##### THE DATA #####
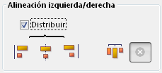 Para hacer una distribución específica, seleccione la opción Distribuir (por ejemplo si quiere distribuir los objetos basado en la distancia al lado derecho). Esta opción actúa como un interruptor. Si está seleccionada, cambia la función de los iconos ubicados bajo ella:
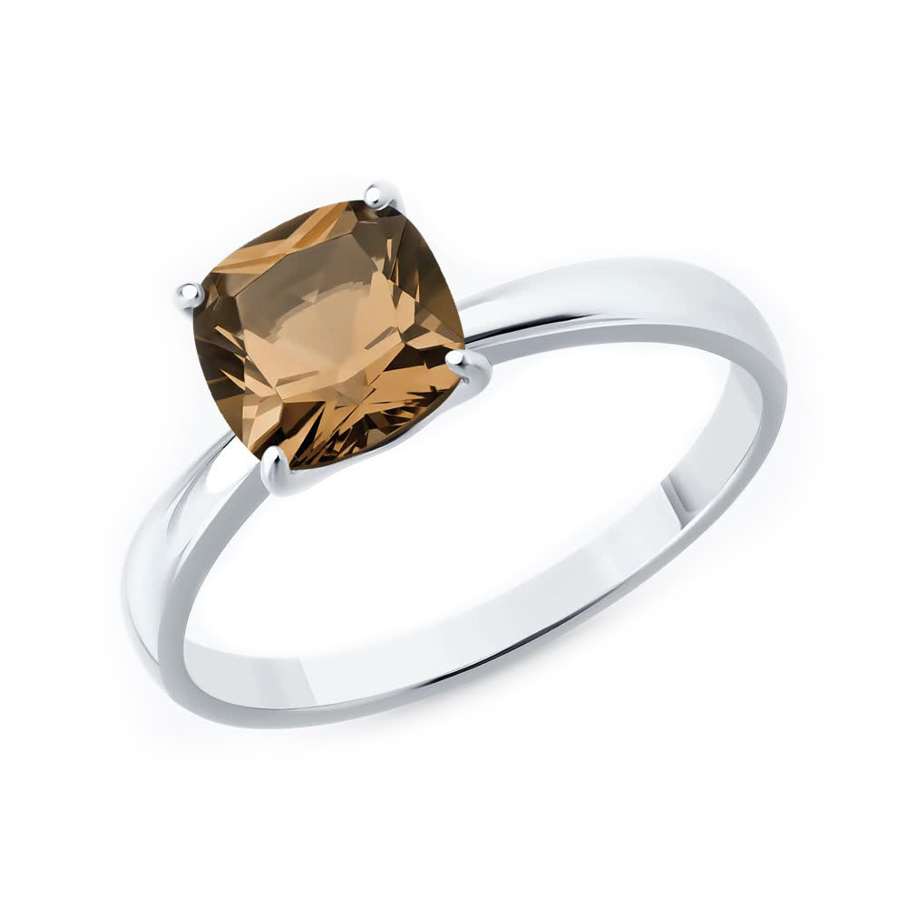Кольцо из серебра с раухтопазом и фианитами
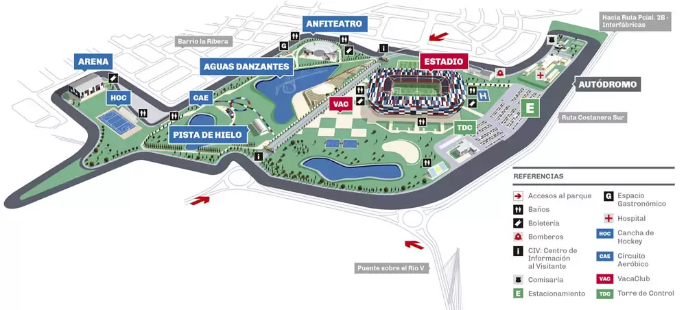 Y es que, en una “obra fuera de lo común” en donde se invirtió más de 91.8 millones de dólares, el Nuevo Estadio La Pedrera mejor conocido como Estadio Único de Villa Mercedes reúne en un polideportivo completo, una arena con capacidad para 2.500 personas (para básquet, boxeo y vóley), una cancha de hockey sobre césped, un parque de skate, un circuito aeróbico, una pista de hielo, una laguna con aguas danzantes, un anfiteatro, amplios estacionamientos con más de 2.000 plazas e incluso su propio cuartel de bomberos.
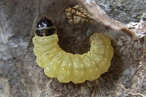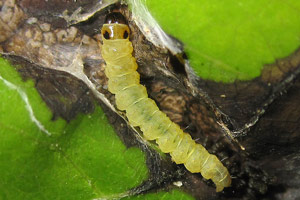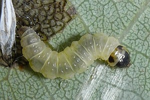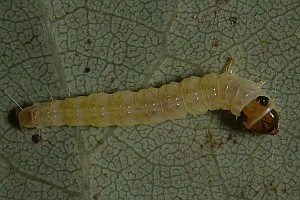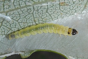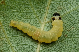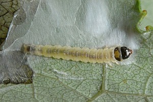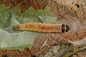 Kennel (1916: 444) schloss sich den bisherigen Beobachtungen an: "Die Raupe ist einfarbig gelblich, mit gleichfarbigen Wärzchen, der Kopf schwarz oder dunkelbraun, Nacken- und Analschild sind wie der Körper gefärbt, ersteres seitlich mit einem schwarzen Punkt. Sie lebt im Juni und Oktober in einem umgeschlagenen Blattrand von Populus tremula."
#####
*YOUR GOAL*: Set down exactly the lines above, from the line containing "Кольцо из серебра с раухтопазом и фианитами" through the line containing "Y es que, en". Skip the pictures.

*SOLUTION FOR THIS EXERCISE*:
Кольцо из серебра с раухтопазом и фианитами
 Y es que, en una “obra fuera de lo común” en donde se invirtió más de 91.8 millones de dólares, el Nuevo Estadio La Pedrera mejor conocido como Estadio Único de Villa Mercedes reúne en un polideportivo completo, una arena con capacidad para 2.500 personas (para básquet, boxeo y vóley), una cancha de hockey sobre césped, un parque de skate, un circuito aeróbico, una pista de hielo, una laguna con aguas danzantes, un anfiteatro, amplios estacionamientos con más de 2.000 plazas e incluso su propio cuartel de bomberos.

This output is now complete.